L'article R. 4127-7 CSP pose un principe général de non-discrimination : « Le médecin doit écouter, conseiller ou soigner avec la même conscience toutes les personnes, quels que soient leur origine, leurs mœurs et leur situation de famille, leur appartenance ou non-appartenance à une ethnie, une nation ou une religion déterminée, leur handicap et leur état de santé, leur réputation ou les sentiments qu'il peut éprouver à leur égard. »

L’Article L. 1110-3 CSP dispose : « Aucune personne ne peut faire l'objet de discriminations dans l'accès à la prévention ou aux soins.

Un professionnel de santé ne peut refuser de soigner une personne pour l'un des motifs visés au premier alinéa de l'article 225-1 du code pénal ou au motif qu'elle est bénéficiaire de la protection complémentaire ou du droit à l'aide prévus aux articles L. 861-1 et L. 863-1 du code de la sécurité sociale, ou du droit à l'aide prévue à l'article L. 251-1 du code de l'action sociale et des familles. (…)

Hors le cas d'urgence et celui où le professionnel de santé manquerait à ses devoirs d'humanité, le principe énoncé au premier alinéa du présent article ne fait pas obstacle à un refus de soins fondé sur une exigence personnelle ou professionnelle essentielle et déterminante de la qualité, de la sécurité ou de l'efficacité des soins.
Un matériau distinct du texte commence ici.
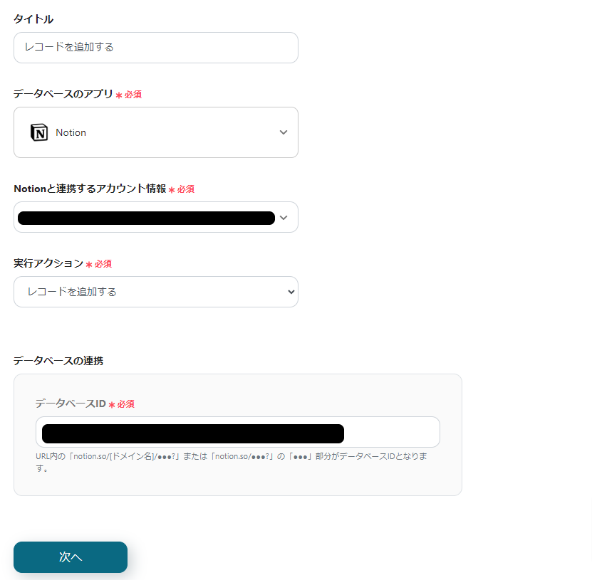 その下にNotionのデータベースIDを指定する欄があるので、商品情報を追加したいデータベースIDをあらかじめ作成して選択しましょう。
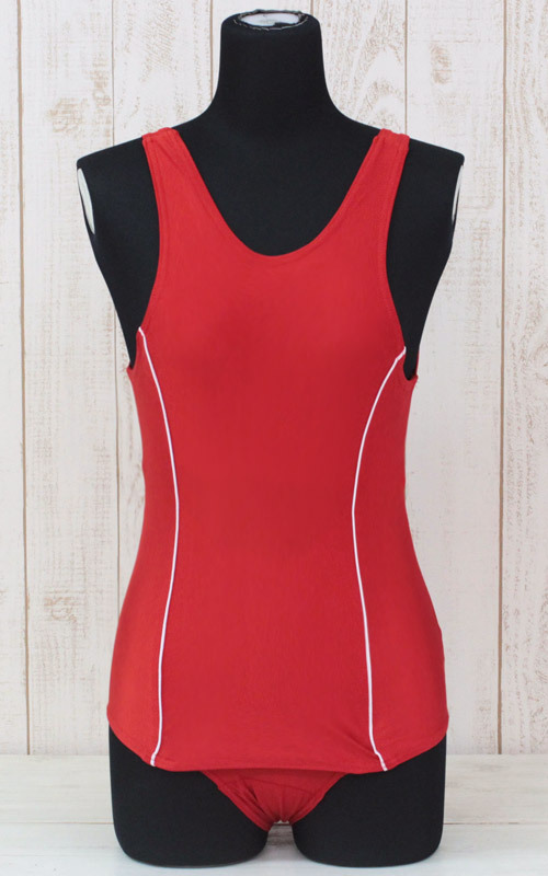 スク水コスプレの中でも未だ高い人気を誇る旧タイプに、赤色が仲間入りしました。腰に水抜きのついた定番の旧スクも、赤色だと新鮮!サイドに縦ラインを入れたこだわりデザインのスクール水着コスチュームです。※水洗い可、塩素系漂白剤による漂白不可、アイロンは中温で当て布使用、ドライクリーニング可、色落ちの可能性があります、ご注意ください。※こちらの商品は在庫の状況によりお届けまでに4日〜7日程度かかる場合がございます。

La continuité des soins doit être assurée quelles que soient les circonstances, dans les conditions prévues par l'article L. 6315-1 du présent code ».

En pratique

La décision de ne pas donner des soins ou de les interrompre doit faire l’objet d’une information sans délai du patient.

Une information orale sera, de préférence, confirmée par un écrit dont un double pourra être adressé au Conseil départemental de l’ordre.
Le professionnel devra, en outre, favoriser la continuité des soins, notamment en transmettant toutes les informations nécessaires à un confrère désigné par le patient.
Le refus de soins ne pourra être fondé sur des motifs discriminatoires.
Il ne sera pas possible en cas d’urgence.

Il devra être justifié par des exigences essentielles et déterminantes de la qualité, de la sécurité et de l'efficacité des soins.

Les raisons professionnelles ou personnelles du médecin peuvent recouvrir des situations très diverses. La frontière entre le refus de soins autorisé et celui qui ne l’est pas est parfois mal perçue.
Aucune sanction ne pourra être prononcée à l’encontre du médecin qui aura respecté scrupuleusement le cadre légal et les conditions préalables à la rupture du contrat de soins.